Reputation: 169
When I upload a .csv file using boto3 (Python), the last few rows of data get cut off. The size of the file is 268KB which should not to be too big for non-multipart upload. Here is my code:
import boto3
s3 = boto3.client('s3')
s3 = boto3.resource('s3')
s3.meta.client.upload_file(report_file.name, 'raw-data-bucket', 'Reports/report.csv')
*These are not exact bucket and path I've used but they suould be irrelevant in this case
Any help would be appriciated.
Upvotes: 3
Views: 2862
Reputation: 21
I had this issue because I was performing the upload before closing my filehandle. As someone else suggested closing the file first and then uploading fixed the issue.

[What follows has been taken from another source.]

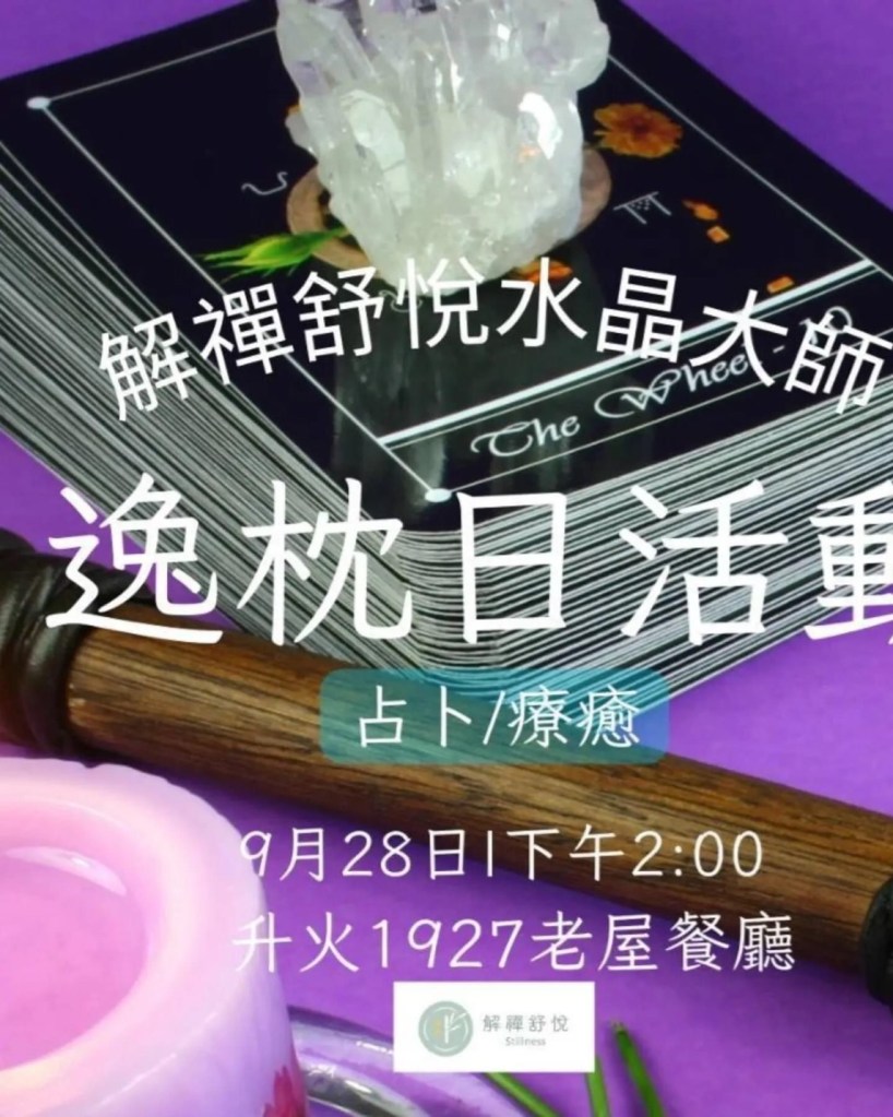 解禪舒悅水晶大師 vs. 升火1927老屋餐廳 解禪舒悅水晶大師 vs. 升火1927老屋餐廳 生活沒有絕望,只有想不通人生沒有盡頭,只有看不透快樂是心的愉悅,幸福是心的滿足,不和別人比較,不和自己計較,人生不是一場物質的盛宴,而是一次次靈魂的修煉。今日解禪舒悅。心靈療癒集結了多位水晶療癒、水晶占卜大師來到『升火1927老屋餐廳』逸枕日,一起服務人們,提供不同的管道與方法來給出不同的風景。 分享此文: 分享到 X(在新視窗中開啟) X 分享到 Facebook(在新視窗中開啟) Facebook 喜歡 正在載入...

This caused the uploaded file to be missing the last chunk.
import boto3
client = boto3.client("s3")
data = {...}
with open("file.json", "w") as f:
json.dump(data, f)
client.upload_file("file.json", "my-bucket", "some/prefix/file.json")
This resolved my issue:
import boto3
client = boto3.client("s3")
data = {...}
with open("file.json", "w") as f:
json.dump(data, f)
client.upload_file("file.json", "my-bucket", "some/prefix/file.json")
Upvotes: 2
Reputation: 88
Have you closed the file you are uploading to S3 before using .upload_file() ? I had the exact same problem with my *.CSV file upoads, and solved it by explicitly closing each file before uploading it, and the problem was solved. No more truncated *.CSV files.
Upvotes: 4
Reputation: 13166
Stick with one service(either resource or client).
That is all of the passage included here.